-- Opening Marker --

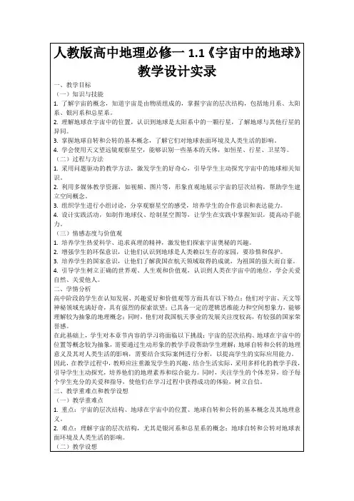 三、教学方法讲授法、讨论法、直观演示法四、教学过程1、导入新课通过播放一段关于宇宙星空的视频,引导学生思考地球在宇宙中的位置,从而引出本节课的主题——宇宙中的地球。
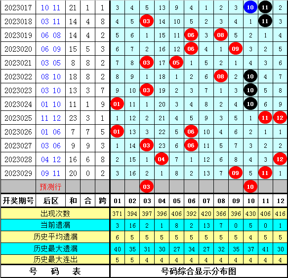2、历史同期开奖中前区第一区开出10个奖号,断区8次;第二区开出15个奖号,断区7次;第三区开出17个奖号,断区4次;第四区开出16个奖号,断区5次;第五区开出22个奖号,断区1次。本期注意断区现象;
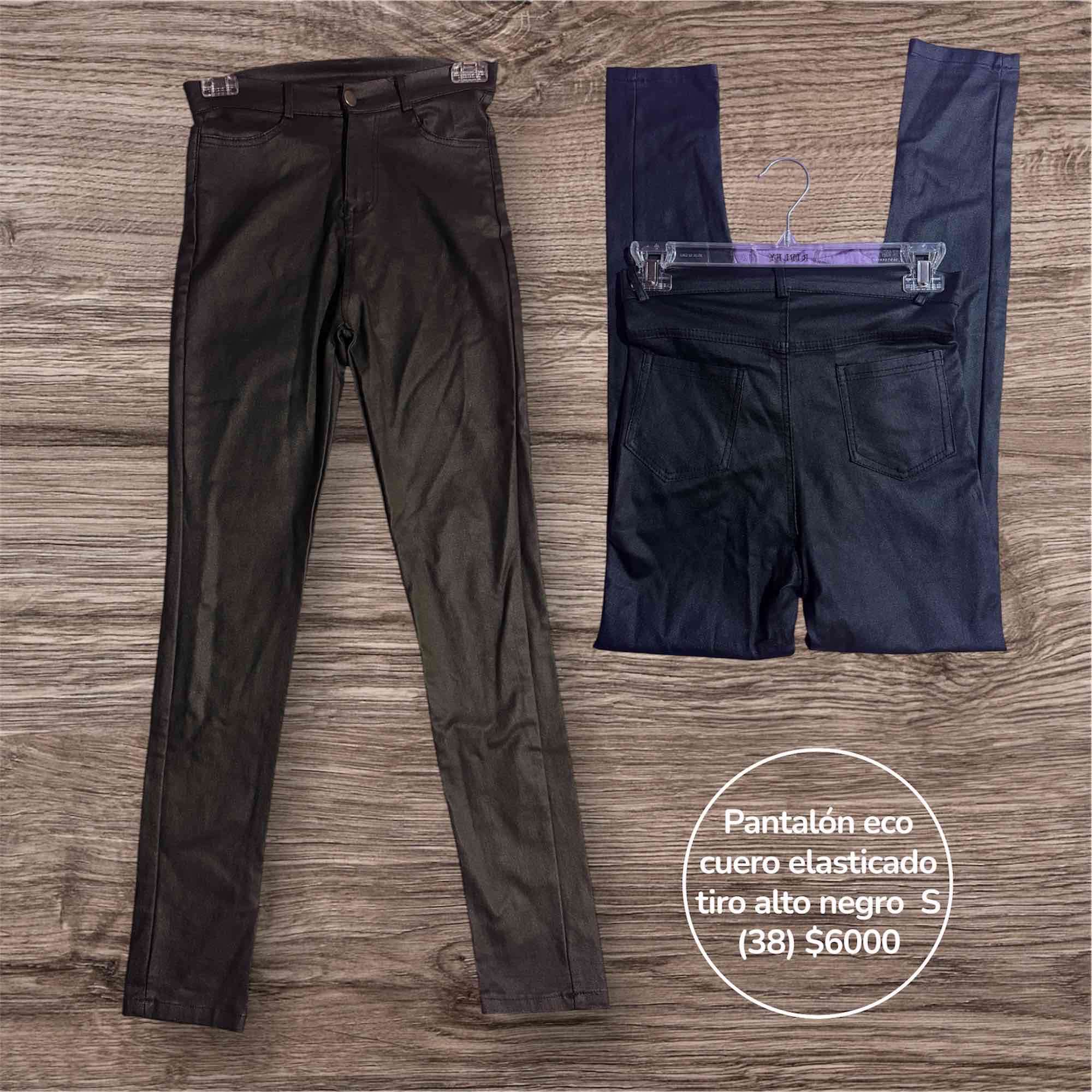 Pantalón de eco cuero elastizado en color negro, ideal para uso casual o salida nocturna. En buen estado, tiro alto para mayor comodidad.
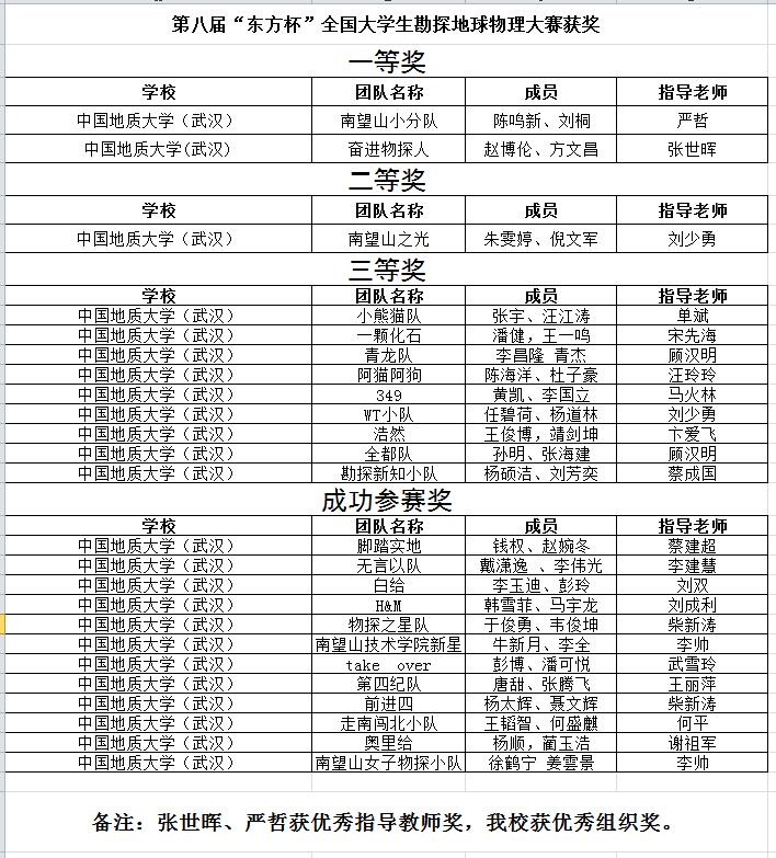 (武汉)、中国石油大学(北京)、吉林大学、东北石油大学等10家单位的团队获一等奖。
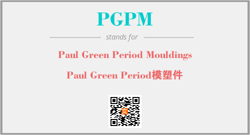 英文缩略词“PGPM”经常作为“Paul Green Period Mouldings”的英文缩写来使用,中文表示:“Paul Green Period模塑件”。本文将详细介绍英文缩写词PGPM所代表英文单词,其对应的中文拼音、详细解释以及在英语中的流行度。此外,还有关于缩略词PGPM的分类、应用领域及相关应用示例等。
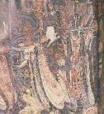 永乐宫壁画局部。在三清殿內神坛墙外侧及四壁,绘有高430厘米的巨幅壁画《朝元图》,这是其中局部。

-- Closing Marker --

• REQUIRED WORK: Reproduce the listing exactly. Leave its pictures out.

• EXERCISE RESPONSE:
 三、教学方法讲授法、讨论法、直观演示法四、教学过程1、导入新课通过播放一段关于宇宙星空的视频,引导学生思考地球在宇宙中的位置,从而引出本节课的主题——宇宙中的地球。
2、历史同期开奖中前区第一区开出10个奖号,断区8次;第二区开出15个奖号,断区7次;第三区开出17个奖号,断区4次;第四区开出16个奖号,断区5次;第五区开出22个奖号,断区1次。本期注意断区现象;
 Pantalón de eco cuero elastizado en color negro, ideal para uso casual o salida nocturna. En buen estado, tiro alto para mayor comodidad.
 (武汉)、中国石油大学(北京)、吉林大学、东北石油大学等10家单位的团队获一等奖。
 英文缩略词“PGPM”经常作为“Paul Green Period Mouldings”的英文缩写来使用,中文表示:“Paul Green Period模塑件”。本文将详细介绍英文缩写词PGPM所代表英文单词,其对应的中文拼音、详细解释以及在英语中的流行度。此外,还有关于缩略词PGPM的分类、应用领域及相关应用示例等。
 永乐宫壁画局部。在三清殿內神坛墙外侧及四壁,绘有高430厘米的巨幅壁画《朝元图》,这是其中局部。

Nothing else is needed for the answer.